Lafevers shared data from a study done by Georgia Tech on what it takes to haul a container round-trip from Savannah into Early County versus bringing it 190 miles inland by rail ,then round tripping it off the rail head. The latter method has economic benefits.

“If you go back further east, it doesn’t work,” he said. “Once you start getting further north, even some of those counties like Carroll County, that’s probably fairly marginal savings because you’re about to bump up against all the Atlanta terminals.”

Lafevers said the Port of Savannah has the ability to tap a new market by utilizing this intermodal port facility.

“Containers that they’re currently losing to Mobile or to some other port can be worked back to Savannah with this port.
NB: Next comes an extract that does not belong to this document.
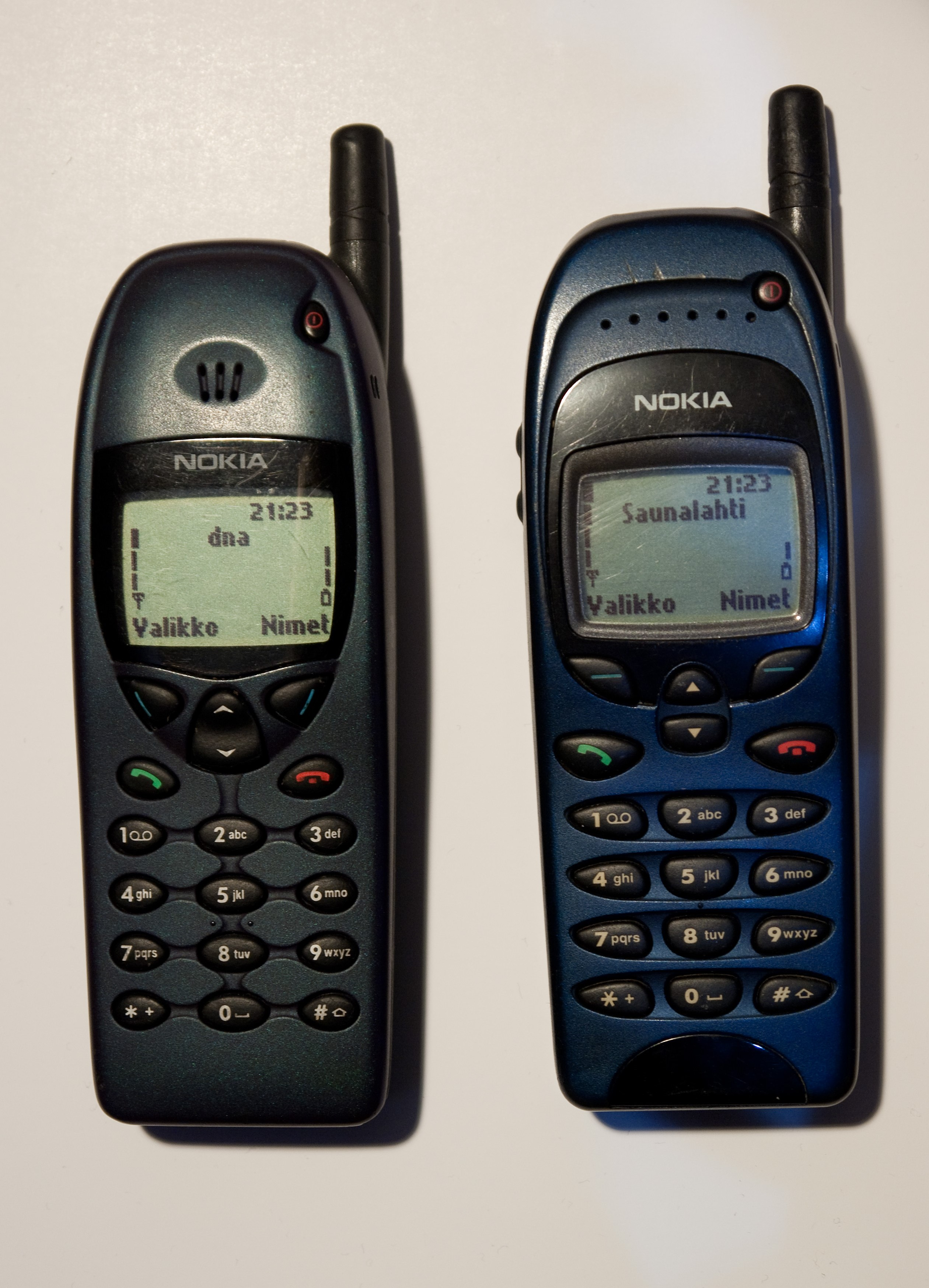 Nokia 6110 (left) and Nokia 6150 (right).

Savannah has been a great help in getting this project.”

Among the intermodal port’s current customers and those they’re lining up are Mulcoa (kaolin), Big Tex Trailers in Cordele (1,500 container loads of tires each year), frozen food and refrigerated food.

“The bigger element is what we talked about in terms of economic development — there are two or three substantial companies in the pipeline who are currently looking a Crisp County-Cordele. Some of those will be hundreds of jobs. The wheels are starting to turn in that direction. There have been a lot of people frankly looking over the fence to see if this thing was going to work. It has been a little bit of an arduous situation at times to get it to the point where we are, but we are running trains now and things are going well. We’re excited to be where we are.”